Weights & Biases (W&B) has released a white paper titled "Best Practices for Large Language Model (LLM) Evaluation" on August 1st at AI EXPO KOREA 2024. This white paper is a 59-page document compiled from W&B's experience in developing and operating the "Horangi Korean LLM Leaderboard (http://horangi.ai)" and "Nejumi Japanese LLM Leaderboard", as well as the knowledge of LLM expert engineers from the global team. It was translated into Korean through a joint effort with Penta System.
Download page for this white paper
This URL provides a PDF version of this white paper: http://wandb.me/kr-llm-eval-wp
Overview and table of contents of 'Best Practices for Large Language Model (LLM) Evaluation'
This white paper aims to provide a foundation for building the future of generative AI by going beyond simply presenting best practices for LLM evaluation, and by promoting the development and selection of better models. After presenting an overview of LLM evaluation, it summarizes current challenges, and presents a roadmap for providing best practices for generative AI evaluation at this point in time and for providing more sophisticated and reliable evaluations.

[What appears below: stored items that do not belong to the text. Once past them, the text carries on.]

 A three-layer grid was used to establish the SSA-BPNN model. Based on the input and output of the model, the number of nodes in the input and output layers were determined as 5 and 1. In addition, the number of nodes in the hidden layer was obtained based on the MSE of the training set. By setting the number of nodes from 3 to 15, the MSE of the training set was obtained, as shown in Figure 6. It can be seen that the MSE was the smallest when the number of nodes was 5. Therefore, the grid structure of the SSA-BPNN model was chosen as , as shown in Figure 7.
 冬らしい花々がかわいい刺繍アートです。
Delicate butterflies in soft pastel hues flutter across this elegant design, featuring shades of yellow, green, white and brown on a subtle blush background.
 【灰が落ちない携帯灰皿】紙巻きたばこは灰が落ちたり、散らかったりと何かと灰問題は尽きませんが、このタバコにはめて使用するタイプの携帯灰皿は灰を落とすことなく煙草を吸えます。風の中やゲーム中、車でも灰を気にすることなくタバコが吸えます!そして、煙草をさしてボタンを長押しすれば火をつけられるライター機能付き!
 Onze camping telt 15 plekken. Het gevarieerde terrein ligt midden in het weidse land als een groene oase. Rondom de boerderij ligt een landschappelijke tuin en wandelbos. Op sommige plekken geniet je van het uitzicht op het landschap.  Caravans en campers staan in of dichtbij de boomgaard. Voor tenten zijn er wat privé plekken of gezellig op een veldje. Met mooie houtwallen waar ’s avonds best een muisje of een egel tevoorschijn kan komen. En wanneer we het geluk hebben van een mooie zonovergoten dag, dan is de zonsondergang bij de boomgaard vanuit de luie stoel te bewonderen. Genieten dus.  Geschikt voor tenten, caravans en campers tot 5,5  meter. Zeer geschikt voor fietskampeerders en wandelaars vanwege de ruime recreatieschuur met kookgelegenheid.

· Overall view of language model evaluation
· What to evaluate: Aspects to evaluate
- General language performance
- Domain-specific performance
- AI governance
· How to evaluate: Evaluation methods
· List of public LLM leaderboards
· Practical evaluation using Weights & Biases
· Reflections through LLM model comparison
Prospect of generative AI evaluation in the future
In the future, the evaluation of generative AI will also need to continue to evolve to keep pace with the rapid development of models. As model performance improves, there will be a need for more thought and effort on the part of evaluators. There are already models that achieve over 90% results in generative ability evaluations, demonstrating the need for more challenging problems in the future.
As the use of generative AI models expands, especially in business and industry, evaluation of more specialized knowledge and capabilities becomes necessary. Because there is no single way to evaluate the performance of models in these specialized areas, it is urgent to develop evaluation tasks and datasets in important areas. Among them, some require various input formats such as language, images, and data, increasing the difficulty of development.
User-friendliness is also an important factor in model performance. For example, as the demand for commercial services increases, such as considering inference speed and cost, API stability, and security aspects, the need to build a local inference environment is emerging.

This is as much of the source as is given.